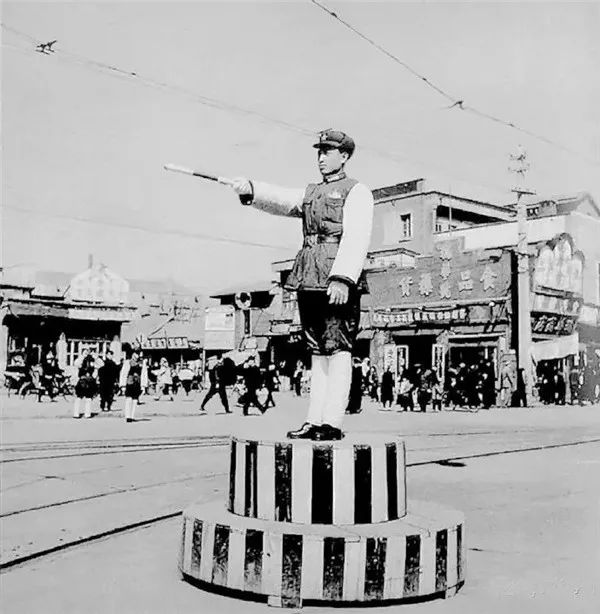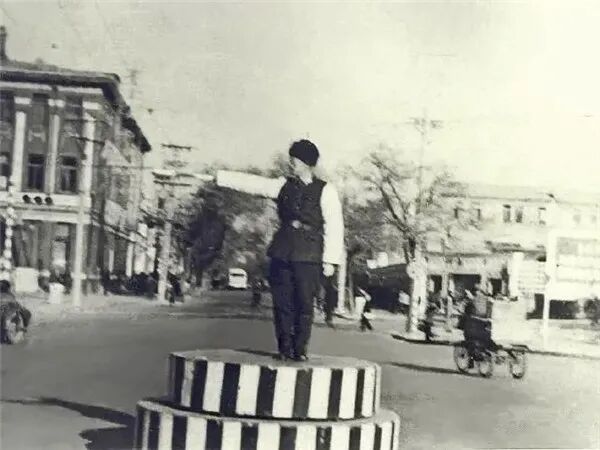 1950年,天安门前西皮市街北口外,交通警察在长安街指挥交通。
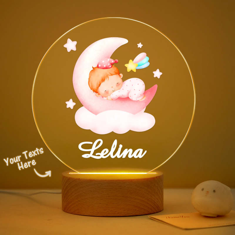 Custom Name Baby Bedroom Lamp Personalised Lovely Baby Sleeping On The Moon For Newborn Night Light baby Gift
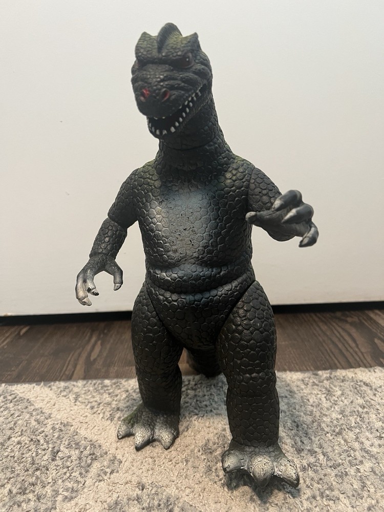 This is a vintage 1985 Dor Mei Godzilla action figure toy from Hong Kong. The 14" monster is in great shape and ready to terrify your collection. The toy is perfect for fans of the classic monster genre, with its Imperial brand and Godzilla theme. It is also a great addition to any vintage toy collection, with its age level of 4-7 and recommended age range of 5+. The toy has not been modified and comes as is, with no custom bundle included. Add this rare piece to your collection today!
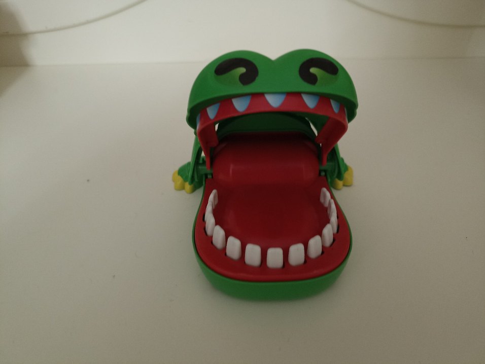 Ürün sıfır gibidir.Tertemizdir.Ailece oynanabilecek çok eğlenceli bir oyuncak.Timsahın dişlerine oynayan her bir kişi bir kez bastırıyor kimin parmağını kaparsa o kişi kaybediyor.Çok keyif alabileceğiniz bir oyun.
══════
ABOUT THIS EXERCISE: All that is needed is the exact run of lines from the start of the material above through the one containing "Custom Name Baby", pictures left out.

RESULT FOR THIS TASK:
 1950年,天安门前西皮市街北口外,交通警察在长安街指挥交通。
 Custom Name Baby Bedroom Lamp Personalised Lovely Baby Sleeping On The Moon For Newborn Night Light baby Gift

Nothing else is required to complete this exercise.